When you start investing for a client, a natural first question is 'what is the investor’s requirements for that stock? What do you want to get out of it? Is this for income, capital growth or a hybrid of the two?' I don’t see this as being any different to picking a crop, is this a cash crop such as wheat or barley? Or is there an addition reason for your choice? For example growing beans for fixing nitrogen and improving the soil for the following season. Understanding the range of benefits of adding that crop into the rotation and how it helps the farm’s long-term performance we need to account for the ‘non-cash’ benefits and factor those into the decisions in a way that is measurable and comparable to the purely ‘cash crops’ decision process.
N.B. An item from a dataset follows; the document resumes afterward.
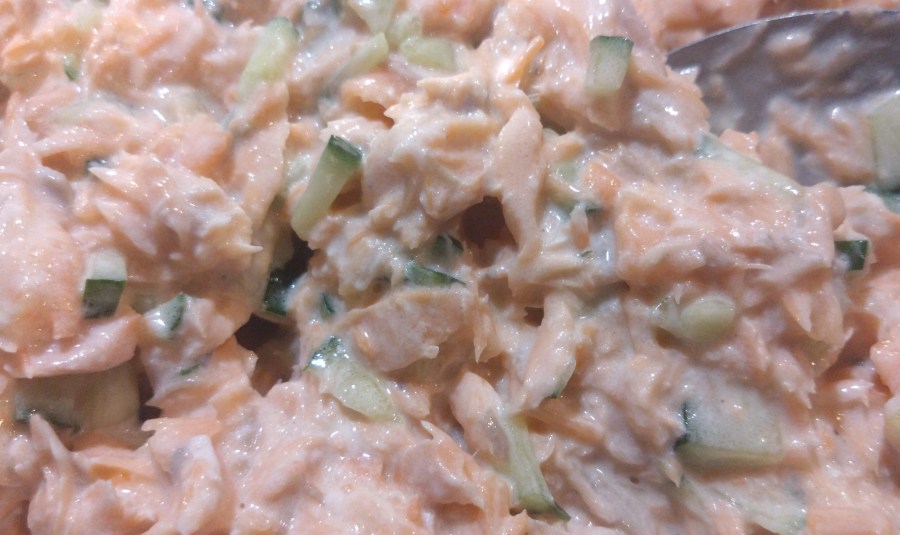 - Add the salmon and cucumber to a large bowl and stir in the mayonnaise so it’s all well mixed.
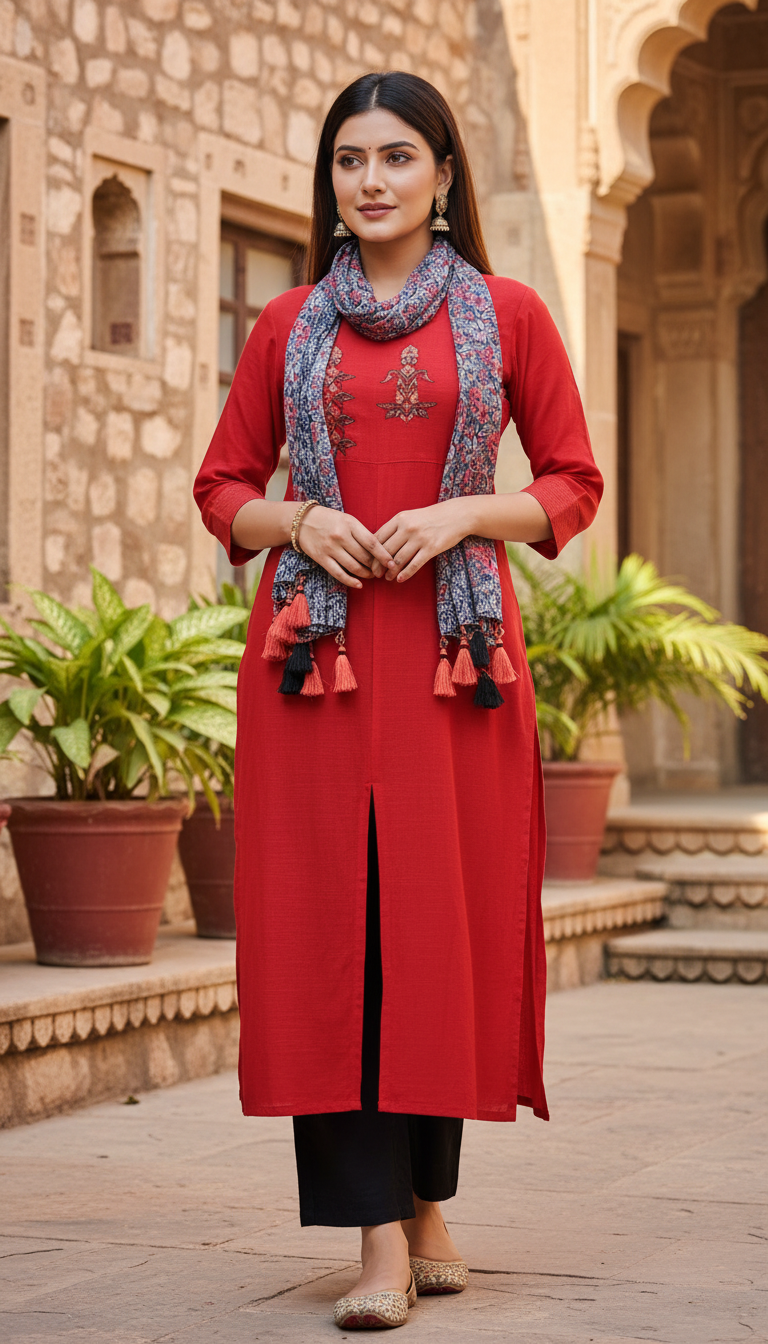 Beautiful Embroidered long tunic dress with printed stole Size 40 Large

Then, what’s the risk profile of the farm? If these were investments, is the investor financially able to bear investing in a high-risk stock; likewise, to what extent does he or she have a desire to take that risk? Often financial position and mindset can be at odds with each other – a person may not be able to afford to take a risk but they want to do so. How often in farming is risk appetite and one’s ability to financially bear risk explored in great detail? I would suggest that if there is a risk profile, its not shared with all involved parties to keep everybody on the same page. We all know oilseed rape and peas can be high risk crops, especially in recent years, but they do offer high rewards when growing conditions and programmes are optimised to minimise those risks. If we add in multi-year averaged field performance to highlight the range of performance between fields (often varying up to 40%), we can have a better understanding of internal volatility of field production. Combine that with crop and variety data to understand the range of and expected costs and yields for a crop, we can start to predict expected outcomes and start to manage our decision-making and willingness to “take a chance” as a business risk, and perhaps mitigate that risk with other decisions we might make to perhaps level out the peaks and troughs of farming.

 

 

Looking at the financial software we had on each and every desk, the company spent vast of money to aid with making the most informed decision (Bloomberg licences are circa £20,000 per year per terminal with more basic solutions at around £10,000 per person per year). Expensive tools and requiring a fair amount of learning to master them; but a necessary requirement for the job. These systems hold vast amounts of data on companies. Taking John Deere as an example: all financially related articles ever written about the company are available to view or with a link to read in more detail, as are the company’s financial records going back to the dawn of time; you can do your research in huge depth in one place. There is up to the second pricing information, current and historic dividend details; effectively every piece of information you could want on the company in one piece of software.

I was surprised when I came into the agricultural industry: there is a huge amount of information and research, but it’s spread out, with multiple research bodies each producing information which is scattered in different formats in different places, uncollated and therefore nigh on impossible for most to compare with any accuracy or impartiality. We need to collate, structure, and produce analytics for all farms. A tool that can ingest data from any source. We need a tool to span the whole industry…

Understanding the previous performance and having that research available in one place saves a huge amount of time as well as helping build that clear understanding of the stock or in our case the crop. We can do historical analysis to find better approaches, spot trends and inconsistencies, and plan future seasons.

An investment approach or discipline I always found fascinating is Chartism where investors use charts to forecast the next move of that stock. The same type of approach could be taken with fields, crops and varieties, looking at massive data sets to see if yields are stagnant, improving, filtered by soil type, weather conditions, geographical area, technique of establishment; the list is endless. Even simple comparisons can really help: imagine having a chart just showing yield vs drill date for all KWS Siskin for the past 10 years… That would be of MASSIVE benefit to farms in terms of understanding optimal drill dates, and would also help to understand if there is a need to change to more appropriate machinery to achieve those optimum dates. Such analysis could even be used as a business case to approach a bank for financing…

This hardly scrapes the surface and is just a viewpoint, comparing one tiny element within a fraction of a behemoth of an industry.

In summary, with the agricultural sector going through a massive change at present, not all the answers will come introspectively. Why not plagiarise the best bits of other industries to make ours the best!